┌────────

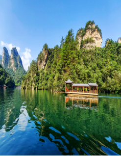 核心亮点:被誉为 “世界湖泊经典” 的高峡平湖,湖水如翡翠般镶嵌在群山之间。乘土家乌篷船泛舟湖上,可见 “仙女照镜”“神龟出水” 等峰林倒映水中,船行途中还能听到阿哥阿妹的山歌对唱。湖畔 72 米高的宝峰飞瀑气势磅礴,夏季水雾弥漫,堪称天然 “降温舱”,与酒店的 “健康旅居” 理念形成完美呼应。
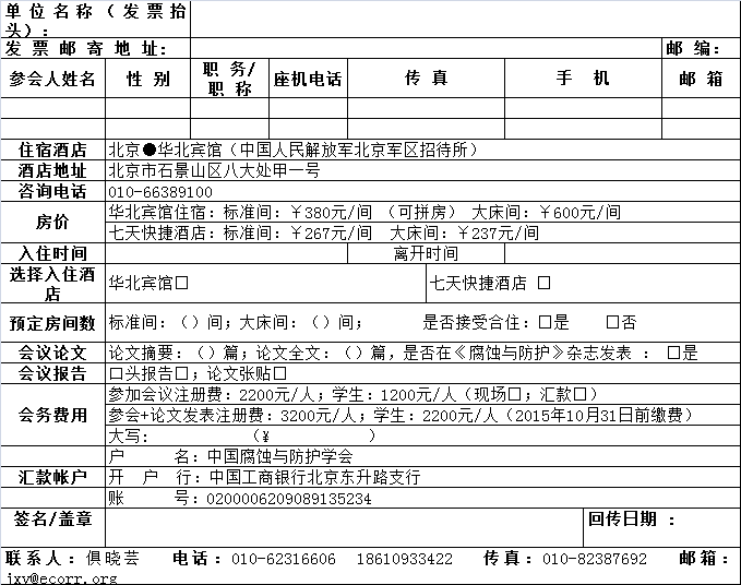 会议联系人:俱晓芸/010-62316606/18610933422 邮 箱:jxy@ecorr.org
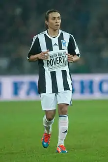 In January 2013, she was named one of the six Ambassadors of the 2014 FIFA World Cup in Brazil, alongside Amarildo, Bebeto, Carlos Alberto Torres, Ronaldo and Mario Zagallo.[11] She also appeared in the Sveriges Television television documentary series The Other Sport from 2013. In August 2016, Marta was one of the eight to carry the Olympic Flag in the Olympic Games in Rio de Janeiro. She was appointed by the Secretary-General of the United Nations as a Sustainable Development Goals advocate.
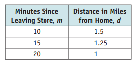 Write an equation that represents Holly's walk home that relates distance (d) to the number of minutes (m).
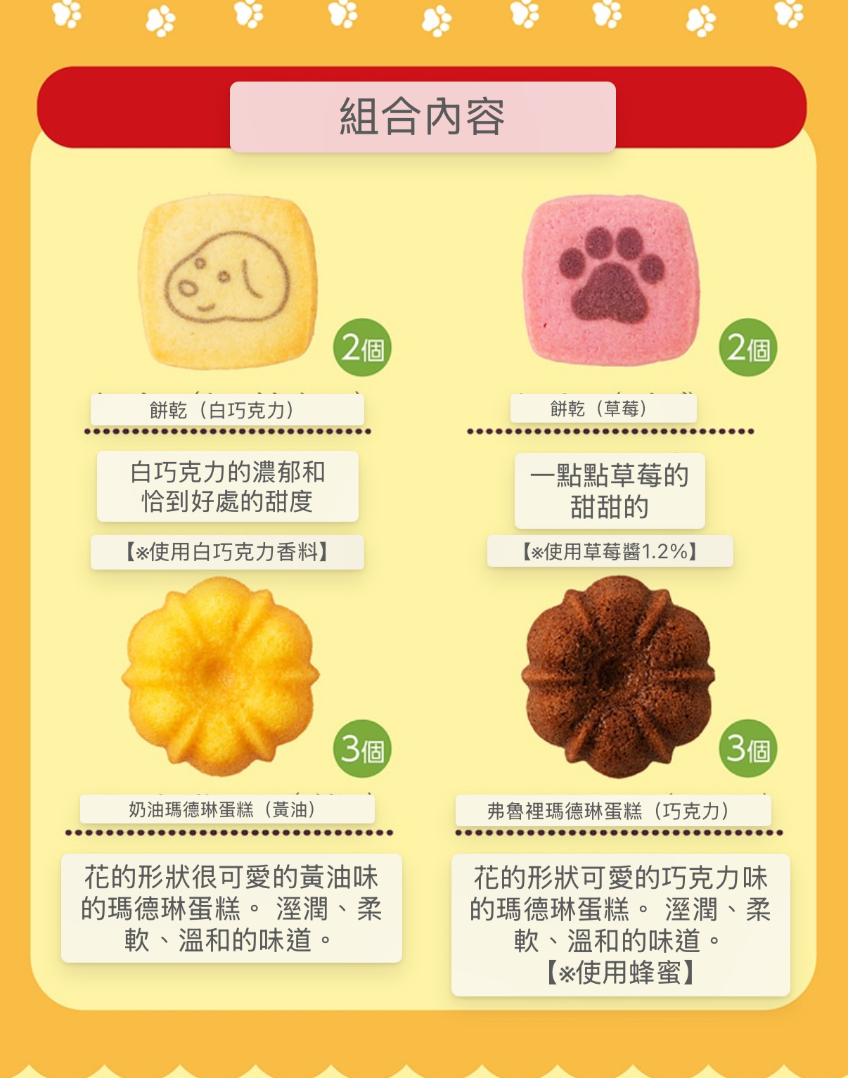 日本直送銀座 最新款小貓小狗可愛包包朱古力曲奇餅禮品包 雙面款式 小貓袋(10個裝)朱古力曲奇餅 在用毛線玩耍、嬉戲、盡情享受的5種小貓的可愛插圖設計的小貓小袋裡,搭配了瑪德琳和餅乾。 質地溼潤的合成皮革小袋,拉鍊的拉手部分是以小貓薩佈雷為主題的吊飾。 瑪德琳的膠片設計有5種。 ■內容量:餅乾4個,巧克力黃油各3個 共10個 ■附件:附帶禮品袋 ※此商品附帶禮品袋。 ■尺寸:220mm×65mm×H160mm 小狗小袋(10個裝)朱古力曲奇餅小包包 雙面款式 唯一「一」的可愛小袋裡的花形瑪德琳&餅乾 在柔和的陽光下,在充滿活力地奔跑的5種小狗的可愛插圖設計的小狗小袋裡,搭配了瑪德琳和餅乾。 溼潤質感的合成皮革小袋,拉鍊的拉手部分是以小狗薩佈雷為主題的吊飾。 瑪德琳的膠片設計有5種。 因為是隨機的,所以能遇到哪隻小狗,請開啟看看♪ 內容量・尺寸 ■內容量:餅乾4個,巧克力黃油各3個 共10個 ■附件:附帶禮品袋 ※此商品附帶禮品袋。 ■尺寸:220mm×65mm×H160mm 📆15/1截 📆5/2 💰批$110 💰10以上$105
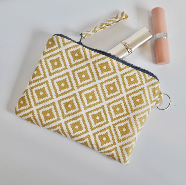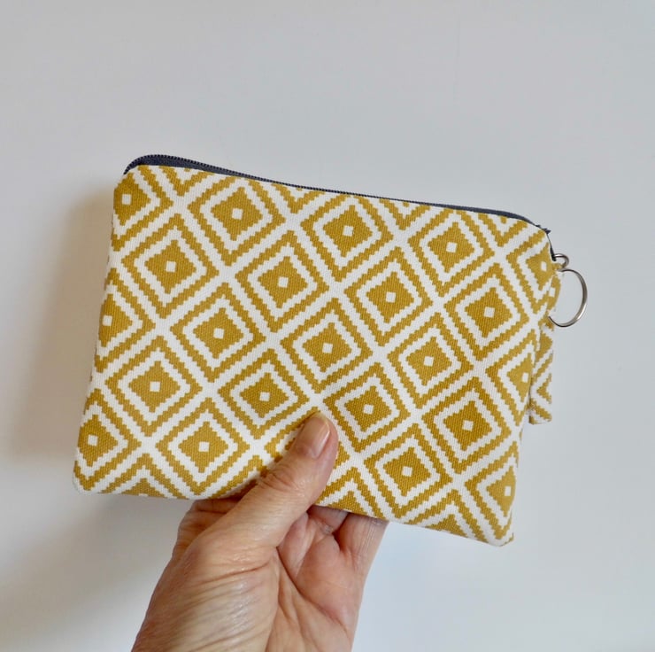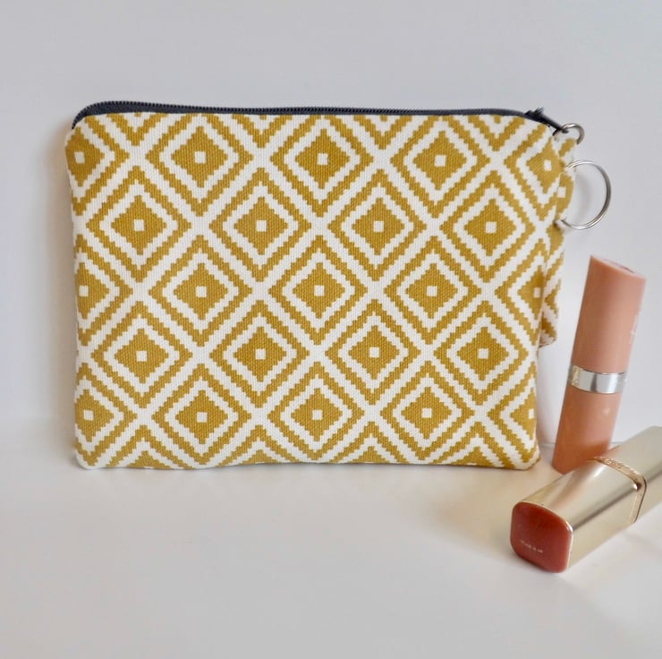 This make up purse is made using a furnishing weight cotton with a geometric print in yellow ochre. Lined with plain ivory cotton fabric, which was ready backed with a soft fleece to give the purse some body and a quality feel.
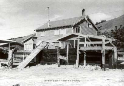 After the storm of 1960, some boards are left leaning against a wooden sea wall. (Is this where a house once stood?) The 2-story house behind it seems in good shape.Collection
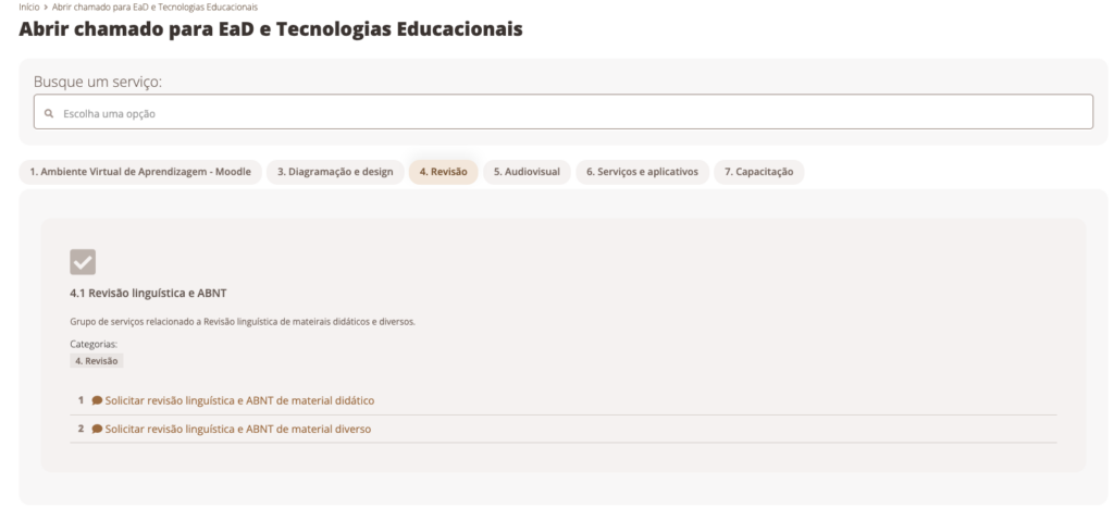 Now, you will select the service category by following this clicks: “EAD e tecnologias educacionais” -> “Revisão”.

└────────

> _WHAT THE TASK ASKS_: All of the records need to be restated word for word, but not the pictures.

> _ANSWER BELOW_:
 核心亮点:被誉为 “世界湖泊经典” 的高峡平湖,湖水如翡翠般镶嵌在群山之间。乘土家乌篷船泛舟湖上,可见 “仙女照镜”“神龟出水” 等峰林倒映水中,船行途中还能听到阿哥阿妹的山歌对唱。湖畔 72 米高的宝峰飞瀑气势磅礴,夏季水雾弥漫,堪称天然 “降温舱”,与酒店的 “健康旅居” 理念形成完美呼应。
 会议联系人:俱晓芸/010-62316606/18610933422 邮 箱:jxy@ecorr.org
 In January 2013, she was named one of the six Ambassadors of the 2014 FIFA World Cup in Brazil, alongside Amarildo, Bebeto, Carlos Alberto Torres, Ronaldo and Mario Zagallo.[11] She also appeared in the Sveriges Television television documentary series The Other Sport from 2013. In August 2016, Marta was one of the eight to carry the Olympic Flag in the Olympic Games in Rio de Janeiro. She was appointed by the Secretary-General of the United Nations as a Sustainable Development Goals advocate.
 Write an equation that represents Holly's walk home that relates distance (d) to the number of minutes (m).
 日本直送銀座 最新款小貓小狗可愛包包朱古力曲奇餅禮品包 雙面款式 小貓袋(10個裝)朱古力曲奇餅 在用毛線玩耍、嬉戲、盡情享受的5種小貓的可愛插圖設計的小貓小袋裡,搭配了瑪德琳和餅乾。 質地溼潤的合成皮革小袋,拉鍊的拉手部分是以小貓薩佈雷為主題的吊飾。 瑪德琳的膠片設計有5種。 ■內容量:餅乾4個,巧克力黃油各3個 共10個 ■附件:附帶禮品袋 ※此商品附帶禮品袋。 ■尺寸:220mm×65mm×H160mm 小狗小袋(10個裝)朱古力曲奇餅小包包 雙面款式 唯一「一」的可愛小袋裡的花形瑪德琳&餅乾 在柔和的陽光下,在充滿活力地奔跑的5種小狗的可愛插圖設計的小狗小袋裡,搭配了瑪德琳和餅乾。 溼潤質感的合成皮革小袋,拉鍊的拉手部分是以小狗薩佈雷為主題的吊飾。 瑪德琳的膠片設計有5種。 因為是隨機的,所以能遇到哪隻小狗,請開啟看看♪ 內容量・尺寸 ■內容量:餅乾4個,巧克力黃油各3個 共10個 ■附件:附帶禮品袋 ※此商品附帶禮品袋。 ■尺寸:220mm×65mm×H160mm 📆15/1截 📆5/2 💰批$110 💰10以上$105
 This make up purse is made using a furnishing weight cotton with a geometric print in yellow ochre. Lined with plain ivory cotton fabric, which was ready backed with a soft fleece to give the purse some body and a quality feel.
 After the storm of 1960, some boards are left leaning against a wooden sea wall. (Is this where a house once stood?) The 2-story house behind it seems in good shape.Collection
 Now, you will select the service category by following this clicks: “EAD e tecnologias educacionais” -> “Revisão”.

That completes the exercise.